INSTRUCTIONS TO FOLLOW:
Print, word for word, the opening line of the data below and every line after it through the line that contains "Недавно заглянул туда", but not the pictures.

DATA SUPPLIED:
== Segment start ==

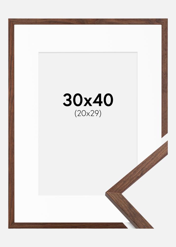 Rahmen Galant Walnuss 30x40 cm - Passepartout Weiß 21x30 cm
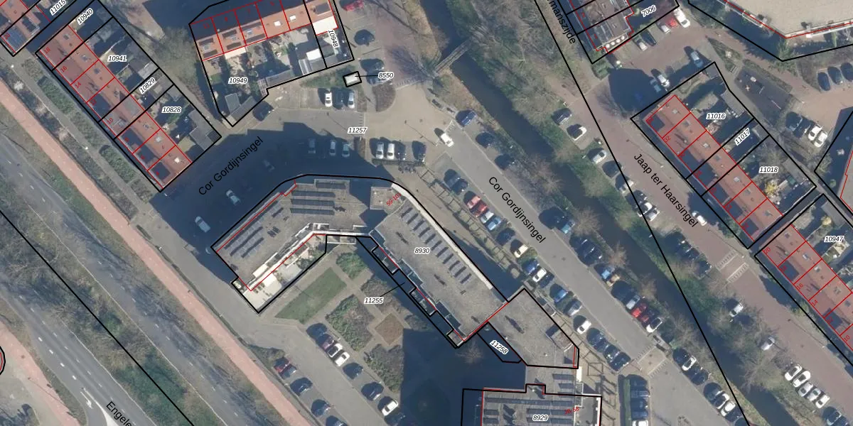 Het perceel waarop Cor Gordijnsingel 63 staat heeft een oppervlakte van 1465 m². Dit is een zeer groot perceel. De perceeloppervlakte wordt geregistreerd door het Kadaster. Gedetailleerde informatie over de maten van dit perceel kunt u vinden in het rapport Kadastrale kaart met maatvoering van Cor Gordijnsingel 63.
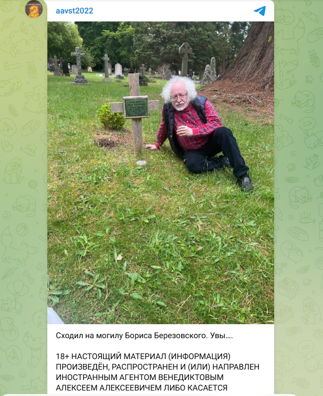 Недавно заглянул туда бывший главред закрытой оппозиционной радиостанции "Эхо Москвы" Алексей Венедиктов*. И поделился с подписчиками снимком.
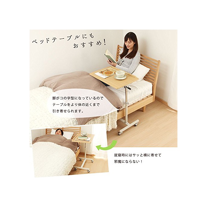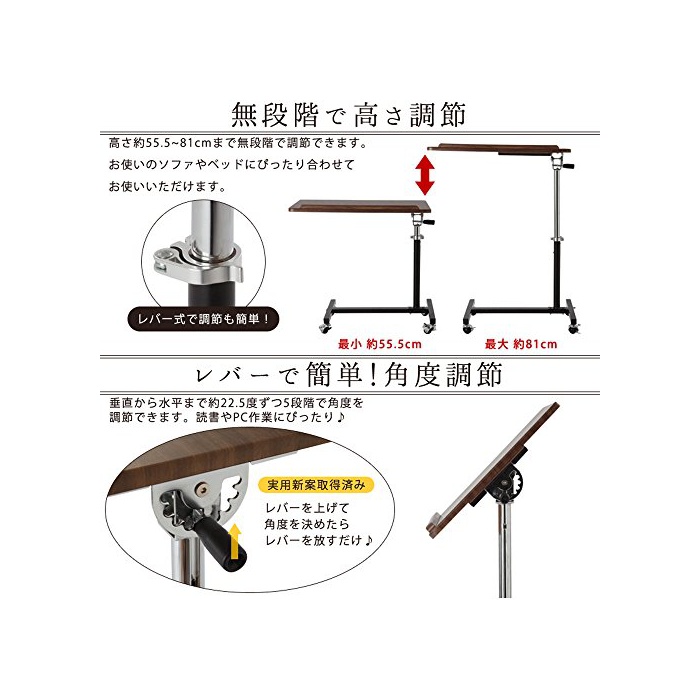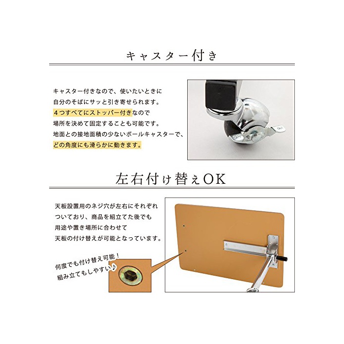 높이와 각도를 자유롭게 바뀌는 캐스터 부착 싸이드 테이블.1개 다리 (이므로)그래서 거추장스럽게 되기 어렵고, 베드 등에서도 활약합니다.수평로 하면 마실 것도 둘 수 있고, 각도를 붙이면 독서나 PC작업으로도 딱!캐스터 첨부이므로 이동도 편안히 할 수 있습니다.각도는 수직으로 수평까지 5단계,높이는 약55.5~81cm에 무단계에서 조절로 옵니다.
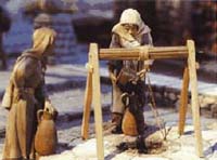 En aquellos tiempos, el trabajo del ama de casa comenzaba con la salida del sol. Desayunaban un poco de pan y requesón. Después acudían, portando un cántaro de barro, al pozo o fuente comunal, donde se encontraban con las demás mujeres y sus hijos (Ref 1038). Después de llenar el cántaro de agua fresca, regresaban a casa.
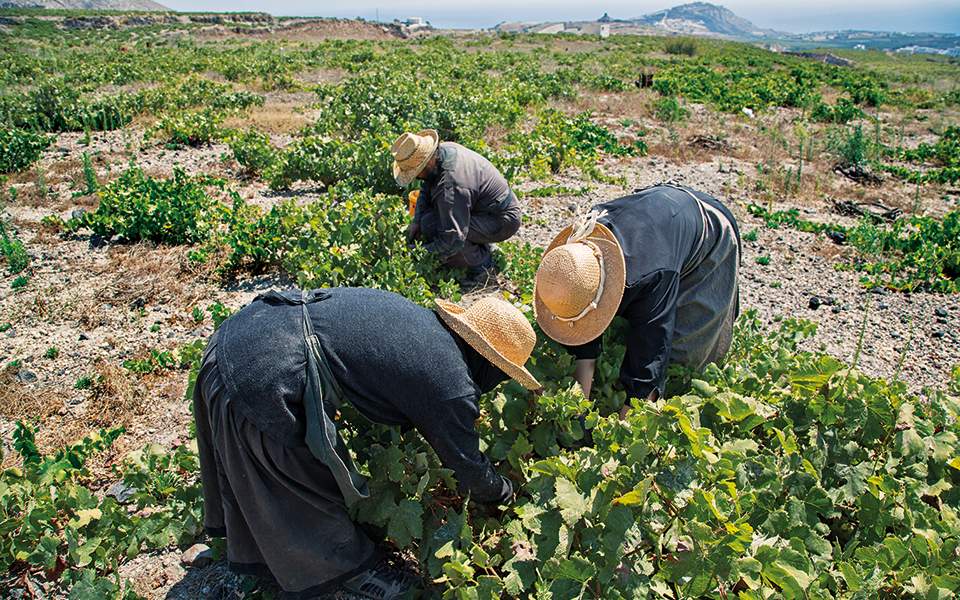 Μια γη δύστροπη, δημιούργημα ηφαιστειακών εκρήξεων. Ενας αμπελώνας πανάρχαιος, αυτόρριζος, με αμπελιές σαν φωλιές πουλιών, σωστά χειροτεχνήματα. Οι δυνατοί αέρηδες δέρνουν τα κλήματα τον χειμώνα, ο ήλιος τα τσουρουφλίζει το καλοκαίρι κι εκείνα επιμένουν να καρπίζουν κάθε χρόνο, να δίνουν πρώτη ύλη πολύτιμη στα χέρια όσων την εκτιμούν και τη σέβονται.
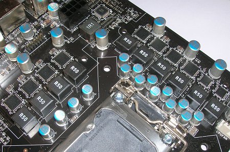 Все установленные на плате конденсаторы - твердотельные. Вместо традиционных мосфетов в системе питания процессора, памяти и чипсета используются микросхемы DrMOS (Driver-MOSFET). DrMOS в одном корпусе сочетают функции нижнего и верхнего мосфетов, а так же управляющей ими микросхемы. Это экономит место на материнской плате и приводит к снижению тепловыделения системой питания. На MSI P55-GD80 в качестве DrMOS используются восемь микросхем RENESAS R2J20602 на напряжении Vcore:
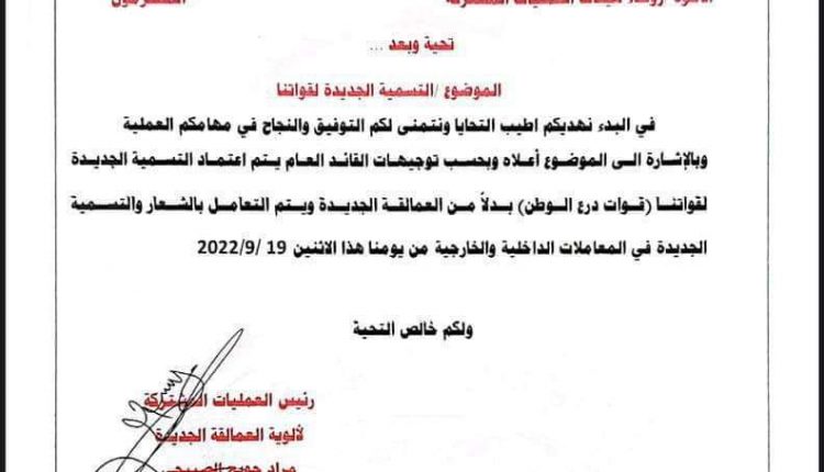 وأصدر حمدي شكري الصبيحي، الرجل الثاني في العمالقة، قراراً بتعيير اسم “ألوية العمالقة الجديدة” التي يقودها بشير المضربي إلى “ألوية درع الوطن”..

== Segment end ==

EXPECTED ANSWER:
 Rahmen Galant Walnuss 30x40 cm - Passepartout Weiß 21x30 cm
 Het perceel waarop Cor Gordijnsingel 63 staat heeft een oppervlakte van 1465 m². Dit is een zeer groot perceel. De perceeloppervlakte wordt geregistreerd door het Kadaster. Gedetailleerde informatie over de maten van dit perceel kunt u vinden in het rapport Kadastrale kaart met maatvoering van Cor Gordijnsingel 63.
 Недавно заглянул туда бывший главред закрытой оппозиционной радиостанции "Эхо Москвы" Алексей Венедиктов*. И поделился с подписчиками снимком.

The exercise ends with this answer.